The Electoral College will meet on Monday to vote to determine who won the presidential election. The expected winner is President-elect Joe Biden, but some of President Trump’s allies in Congress have already hinted they won’t accept this result — even after the Electoral College makes it official.
Last month, Republican Rep. Mo Brooks of Alabama announced his intention to challenge the Electoral College’s votes if Biden is declared the winner. Several House Republicans have since joined Brooks’s effort, according to Axios, though he’d need at least one senator to sign on to his written objection in order for it to move forward in Congress. It is not clear whether any senators will object.
Brooks will certainly receive support in the House, though. More than 100 House Republicans, including House Minority Leader Kevin McCarthy of California, signed onto Texas’s failed lawsuit in an attempt to overturn the results of the presidential election in four battleground states. And on Sunday, Republican Lousiana Rep. Steve Scalise refused to say whether Republicans would consider Biden the president-elect after the Electoral College casts its votes.
If Republicans were smart, they’d leave Brooks hanging. Trump has lost his case at almost every level of government: local county election boards, state legislatures, state and federal courts, and most recently, the Supreme Court. This election has been decided, and any attempt to delay or overturn its results should be seen as an illegitimate attempt to circumvent the will of the American voters and the governments that represent them.

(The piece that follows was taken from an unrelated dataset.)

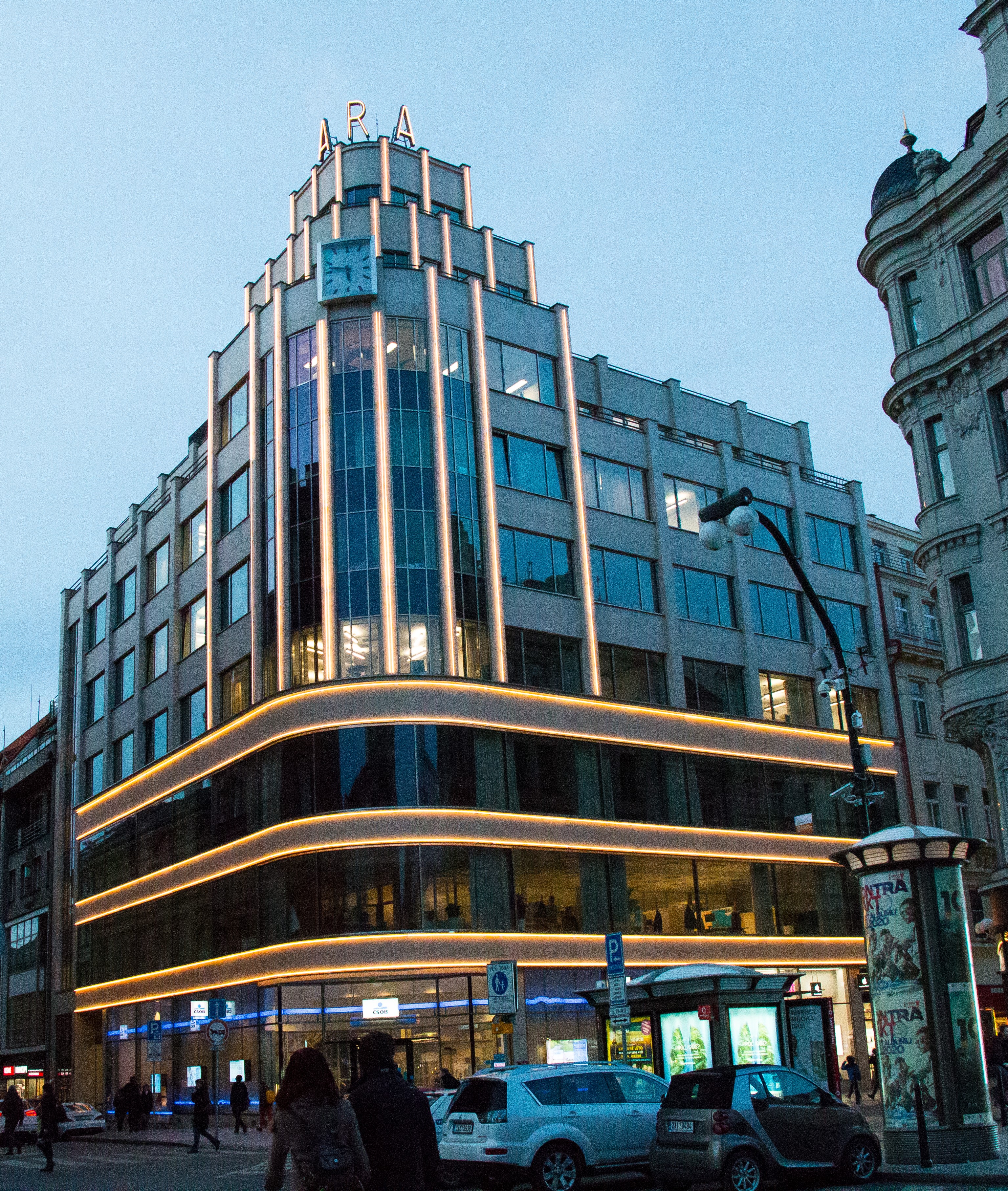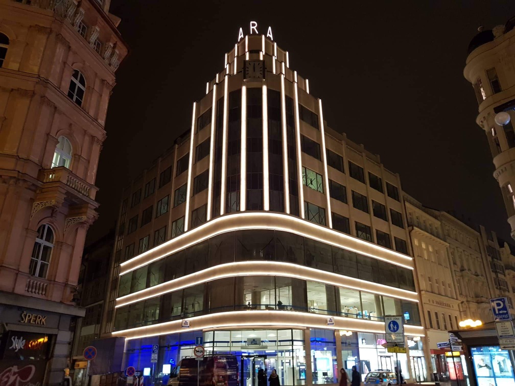V roce 2017 nás oslovila firma Art Kodiak s.r.o. s poptávkou instalovat na budově ARA v Praze (28 října / Perlova) neonové zařízení dle požadavku Úřadu památkové péče v Praze. Jednalo se o kopii původního neonového osvětlení budovy.

Even if Brooks does successfully rope a senator into his objection, he will not change the outcome. At best, he will delay the process by forcing a two-hour debate period in both the House and the Senate. But that doesn’t make Brooks’s maneuvering any less serious. Even failed attempts to bypass our constitutional order can do lasting damage to its institutions.
Which is exactly what’s happening right now. By entertaining and promoting Trump’s election fearmongering, Republicans are setting a horrible precedent — one that will encourage political parties not to concede or admit defeat until they are forced to do so, and maybe not even then. This has serious implications for the transition of power and the country’s cultural well-being.
Republicans will have the opportunity this week to do the right thing and allow the electoral process to move forward without interruption. The outcome will be the same either way: Biden will be elected president. But how they choose to respond will make all the difference.